Variety — the Children’s Charity had a more than $3.5 million impact in 2023 through grant funding and programming combined. Variety, which aims to improve the lives of children at risk, underprivileged, critically ill or living with special needs, awarded over $2 million in grant funding to 77 Iowa nonprofits in 2023. Support Variety provided in 2023 included awarding over 100 pieces of specialized mobility equipment to children living with special needs, providing financial assistance from the Variety Compassion Fund to children and families experiencing extended hospital stays, and distributing Variety sleepsacks designed to reduce SIDS to babies born at Blank Children’s Hospital, Broadlawns Medical Center and Mercy Medical Center. (Business Record)

UnityPoint among Becker’s 150 top places to work in health care

Becker’s Healthcare has released its “150 Top Places to Work in Healthcare” list, which highlights hospitals, health systems and health care companies that promote diversity in the workforce, employee engagement and professional growth.
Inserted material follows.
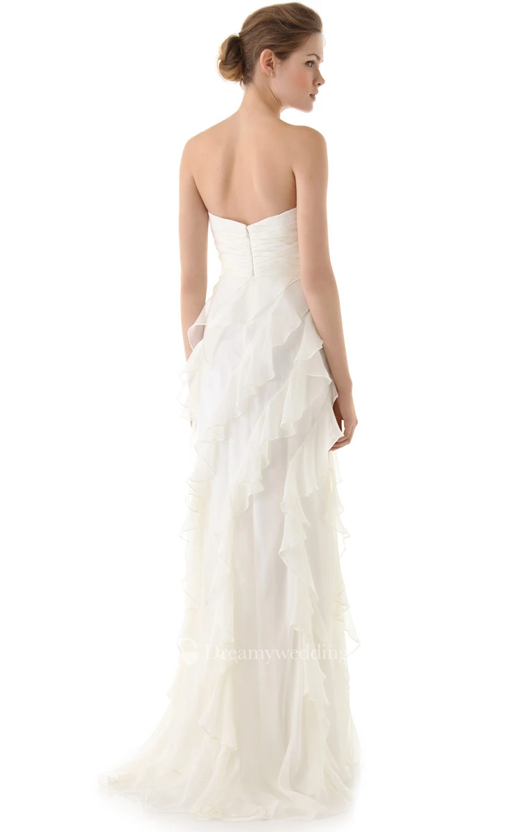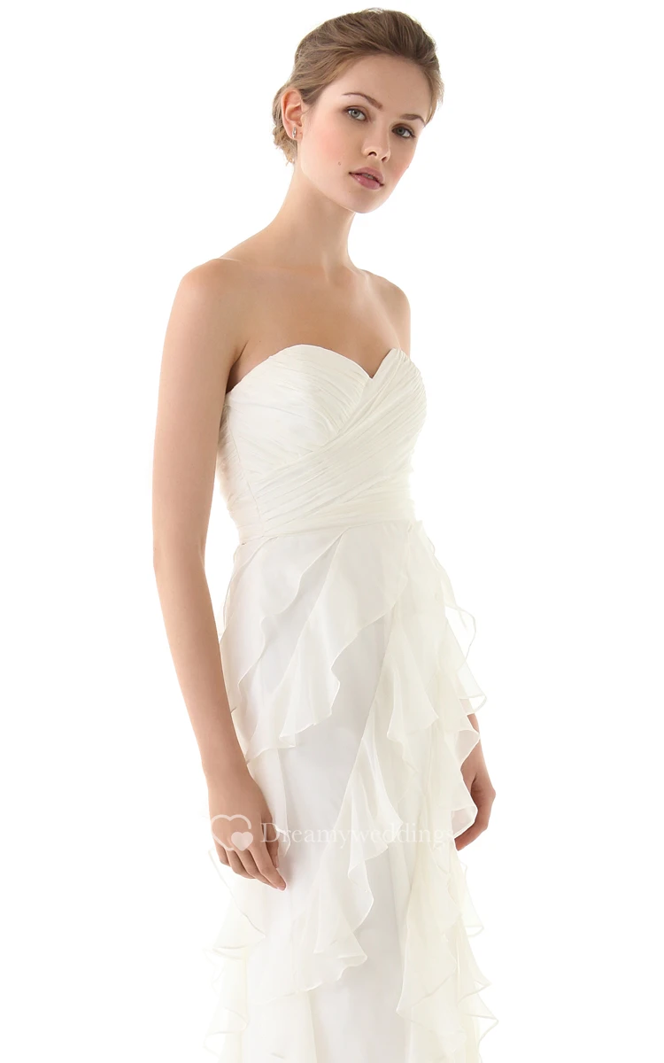 Long Sweetheart Sheath Organza Dress With Feathery Ruffles

UnityPoint Health, West Des Moines, is included on the list. The organizations on the list offer benefits and opportunities for employees to build successful careers beyond the average health care provider or company. (Becker’s Hospital Review)

National news

12 health care trends and issues for 2024

The year begins with several intensified challenges for U.S. health care providers. A dozen trends and issues commanded our attention throughout 2023, holding our curiosity for the year ahead. These patterns and shifts will influence how health care providers fare in 2024, ultimately affecting how Americans access, afford and receive care. First among our trends and issues is the problem of health care’s worsening numbers. There needs to be more than 30,000 physicians who will join the U.S. workforce to meet the growing demand for care and the number of physicians retiring, reducing clinical hours or planning to exit the field each year. (Becker’s Hospital Review)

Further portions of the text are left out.